__Records supplied__
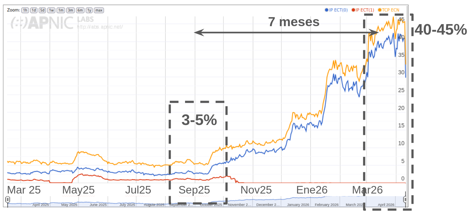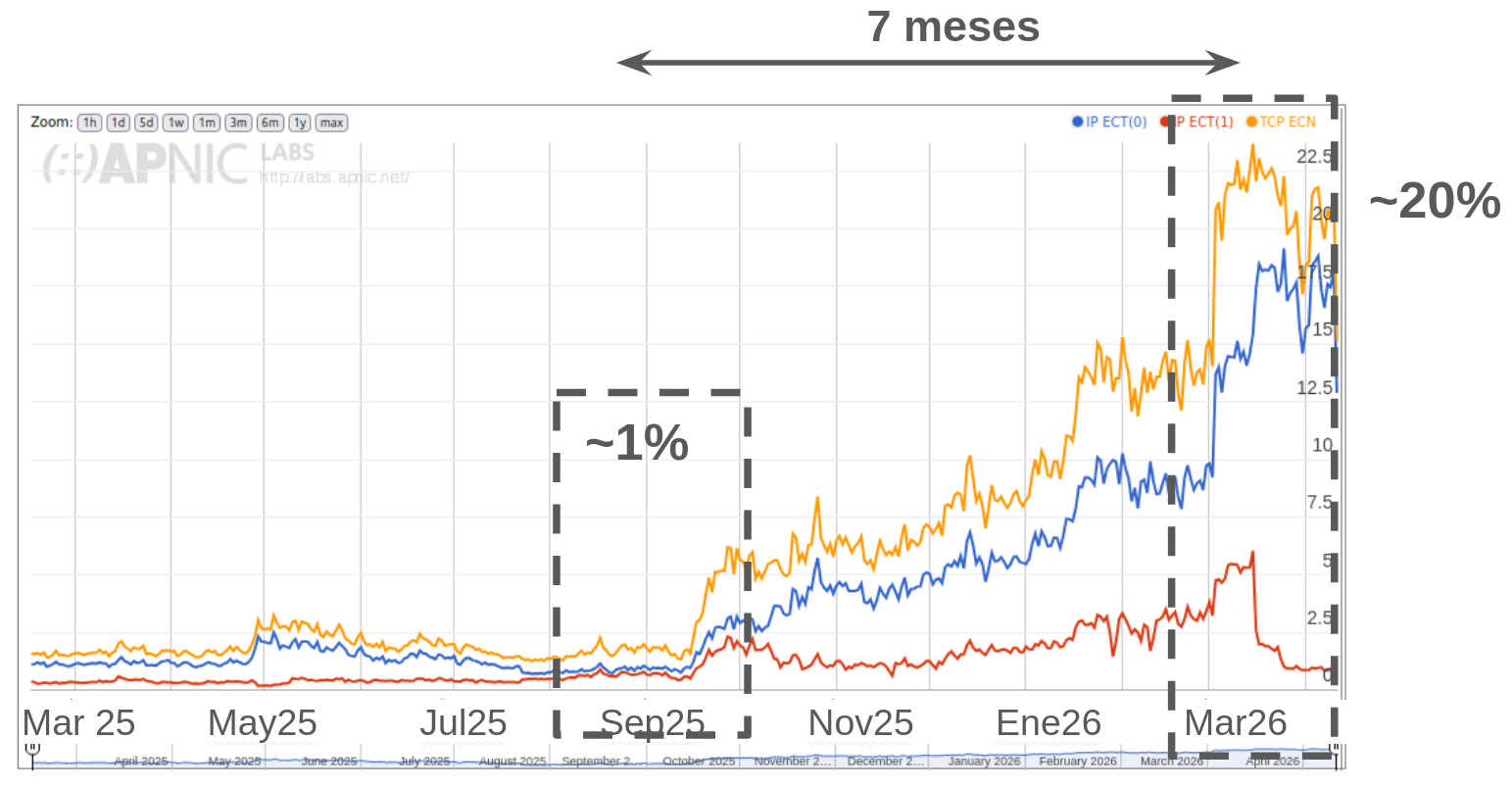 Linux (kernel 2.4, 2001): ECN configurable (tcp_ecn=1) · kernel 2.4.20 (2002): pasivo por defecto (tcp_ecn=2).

--

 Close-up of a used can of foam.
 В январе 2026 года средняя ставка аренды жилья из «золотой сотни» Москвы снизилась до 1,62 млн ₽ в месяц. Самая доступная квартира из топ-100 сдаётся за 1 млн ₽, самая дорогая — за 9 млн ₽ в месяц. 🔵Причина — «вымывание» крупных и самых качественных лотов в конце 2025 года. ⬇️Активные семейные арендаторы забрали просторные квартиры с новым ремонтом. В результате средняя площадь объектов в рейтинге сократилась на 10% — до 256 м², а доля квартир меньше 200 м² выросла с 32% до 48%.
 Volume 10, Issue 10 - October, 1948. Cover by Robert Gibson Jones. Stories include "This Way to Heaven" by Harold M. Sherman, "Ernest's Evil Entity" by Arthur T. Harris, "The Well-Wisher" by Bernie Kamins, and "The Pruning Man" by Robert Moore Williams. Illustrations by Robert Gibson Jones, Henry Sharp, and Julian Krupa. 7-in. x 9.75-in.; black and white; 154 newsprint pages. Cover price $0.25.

__Required work__
Starting at the line that has "Close-up of a used can of foam." and ending at the line that has "Volume 10, Issue", please write out the lines above exactly, leaving out all others.

__Completed task__
 Close-up of a used can of foam.
 В январе 2026 года средняя ставка аренды жилья из «золотой сотни» Москвы снизилась до 1,62 млн ₽ в месяц. Самая доступная квартира из топ-100 сдаётся за 1 млн ₽, самая дорогая — за 9 млн ₽ в месяц. 🔵Причина — «вымывание» крупных и самых качественных лотов в конце 2025 года. ⬇️Активные семейные арендаторы забрали просторные квартиры с новым ремонтом. В результате средняя площадь объектов в рейтинге сократилась на 10% — до 256 м², а доля квартир меньше 200 м² выросла с 32% до 48%.
 Volume 10, Issue 10 - October, 1948. Cover by Robert Gibson Jones. Stories include "This Way to Heaven" by Harold M. Sherman, "Ernest's Evil Entity" by Arthur T. Harris, "The Well-Wisher" by Bernie Kamins, and "The Pruning Man" by Robert Moore Williams. Illustrations by Robert Gibson Jones, Henry Sharp, and Julian Krupa. 7-in. x 9.75-in.; black and white; 154 newsprint pages. Cover price $0.25.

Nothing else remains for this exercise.